(Beginning of Information supplied)

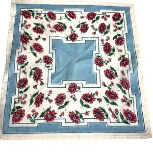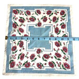 Cotton handkerchief hankie 13 in. by 12-1/4 in. White, Blue with Pink Flowers
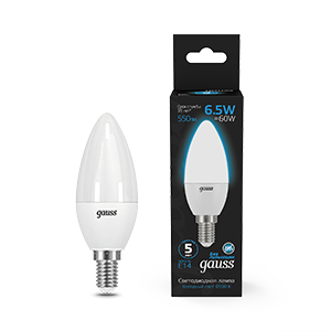 Лампа светодиодная 6.5Вт 550лм 6500К свеча холодный белый E14 AC 220В от GAUSS - компактный источник света с формой колбы «свеча» и холодным белым светом, подходящий для декоративного и функционального освещения в бытовых и офисных помещениях. Артикул 103101307 обеспечивает совместимость со стандартными патронами E14.
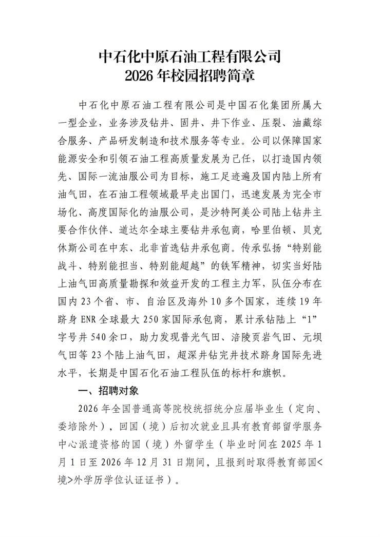 招聘单位:中石化中原石油工程有限公司
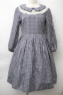 Emily Temple cute / 襟レースギンガムワンピース 紺x白 S-25-11-13-064-ET-OP-HR-ZS [2100020000033865-S-25-11-13-064-ET-OP-HR-ZS]
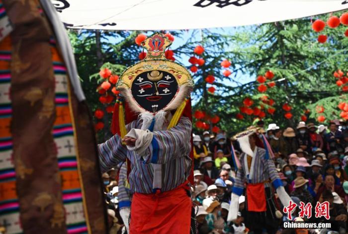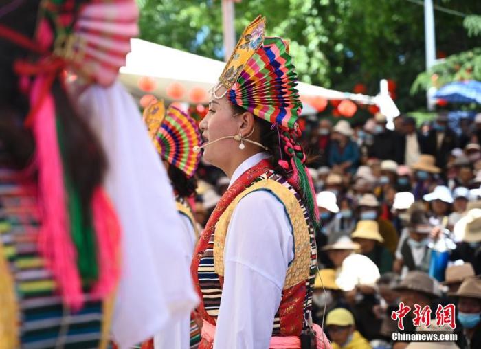 圖為6月26日,拉薩城關(guān)區(qū)次角林藏戲隊(duì)演員正在進(jìn)行表演。中新社記者 趙朗 攝
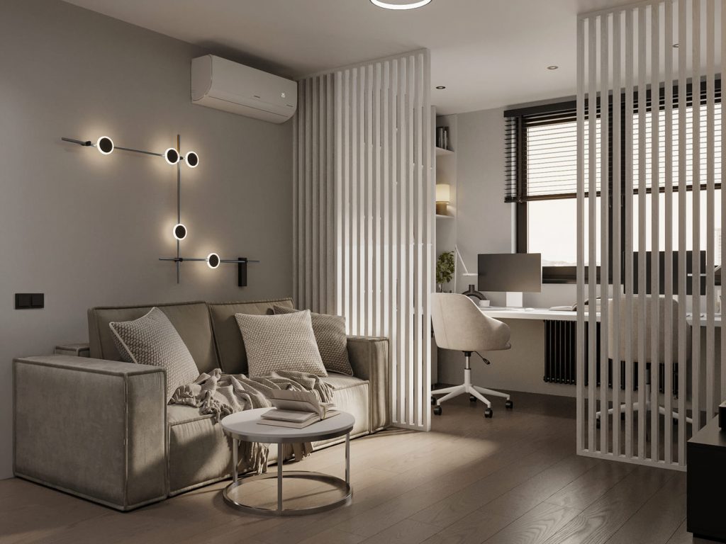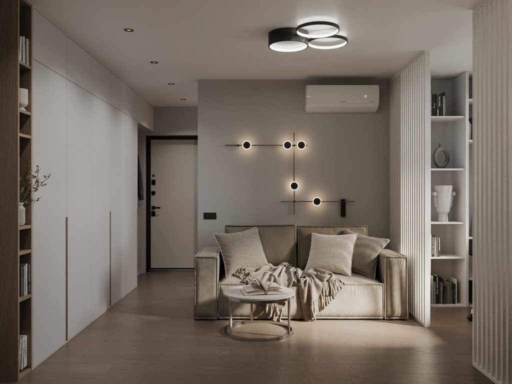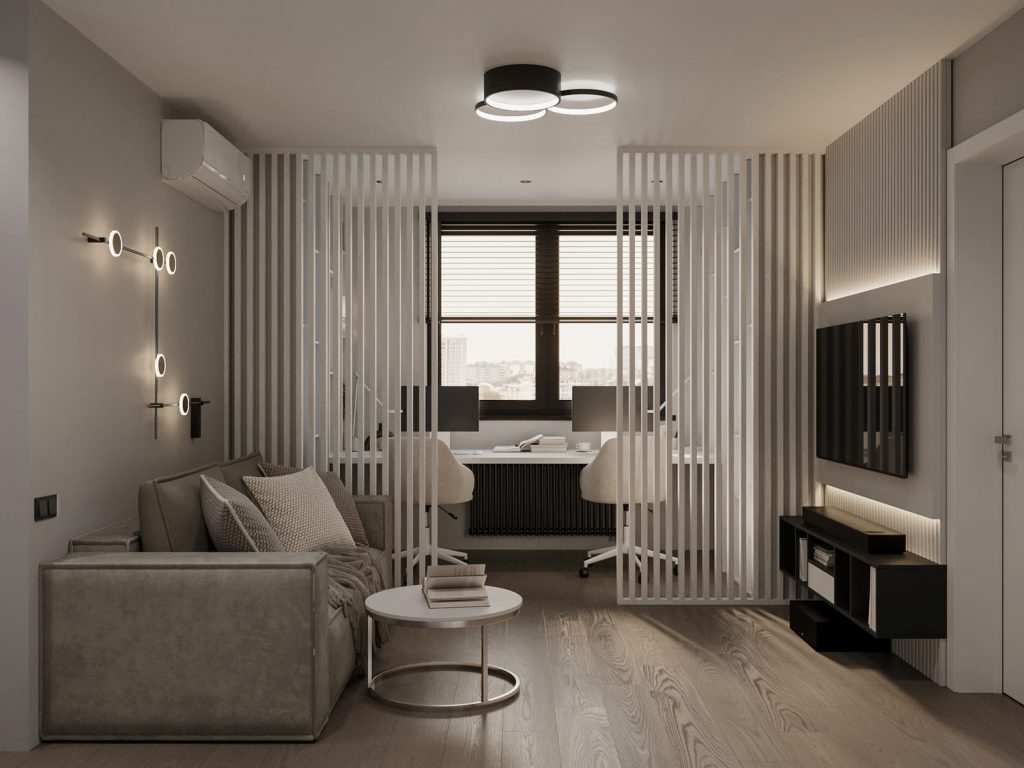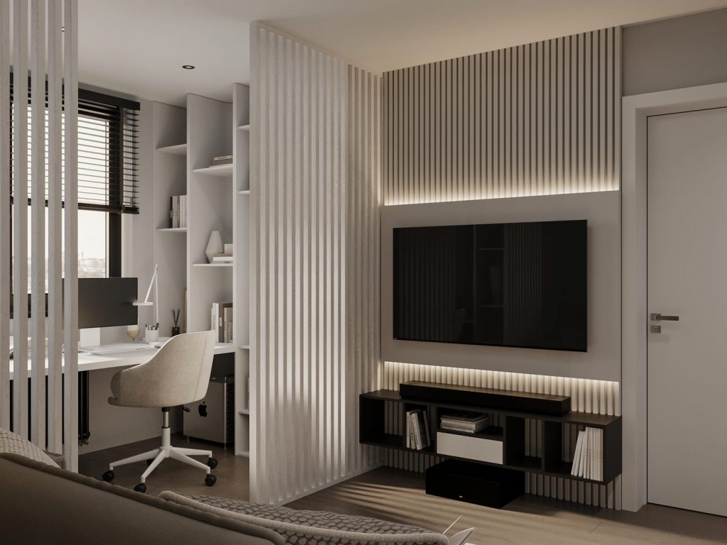 Гостиная – это сердце квартиры, объединяющее зону отдыха и рабочее пространство. Здесь удалось создать гармоничное сочетание уюта, функциональности и современного дизайна.
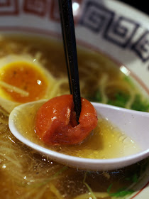 しかし「中るラーメン」が作る醤油ラーメンはそれだけでは終わりません。この醤油ラーメンに限って食べ方のススメなるものがあります。まずはそのままスープを召し上がって下さいとあり、次にブラックペッパーを入れ引き締まったスープを召し上がって下さい。と、最後にラーメンと一緒に出てきた梅干しをレンゲでほぐして召し上がって下さい。とあります。全部で三種類の味が食べれます。
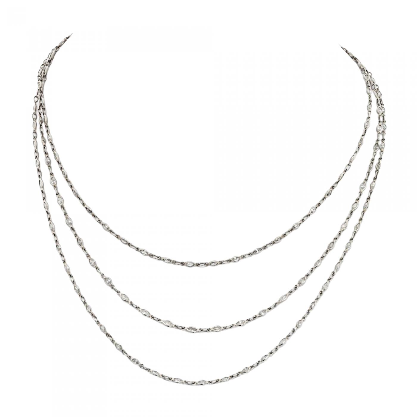 Platinum Old Cut Marquise Vintage Diamond 56 inches Diamonds by the Yard Necklace.

(End of Information supplied)

*Assigned task:*
Please copy, exactly and only, the lines of the listing that run from the one holding "Emily Temple cute" through its last line, and exclude pictures.

*Response to this exercise:*
 Emily Temple cute / 襟レースギンガムワンピース 紺x白 S-25-11-13-064-ET-OP-HR-ZS [2100020000033865-S-25-11-13-064-ET-OP-HR-ZS]
 圖為6月26日,拉薩城關(guān)區(qū)次角林藏戲隊(duì)演員正在進(jìn)行表演。中新社記者 趙朗 攝
 Гостиная – это сердце квартиры, объединяющее зону отдыха и рабочее пространство. Здесь удалось создать гармоничное сочетание уюта, функциональности и современного дизайна.
 しかし「中るラーメン」が作る醤油ラーメンはそれだけでは終わりません。この醤油ラーメンに限って食べ方のススメなるものがあります。まずはそのままスープを召し上がって下さいとあり、次にブラックペッパーを入れ引き締まったスープを召し上がって下さい。と、最後にラーメンと一緒に出てきた梅干しをレンゲでほぐして召し上がって下さい。とあります。全部で三種類の味が食べれます。
 Platinum Old Cut Marquise Vintage Diamond 56 inches Diamonds by the Yard Necklace.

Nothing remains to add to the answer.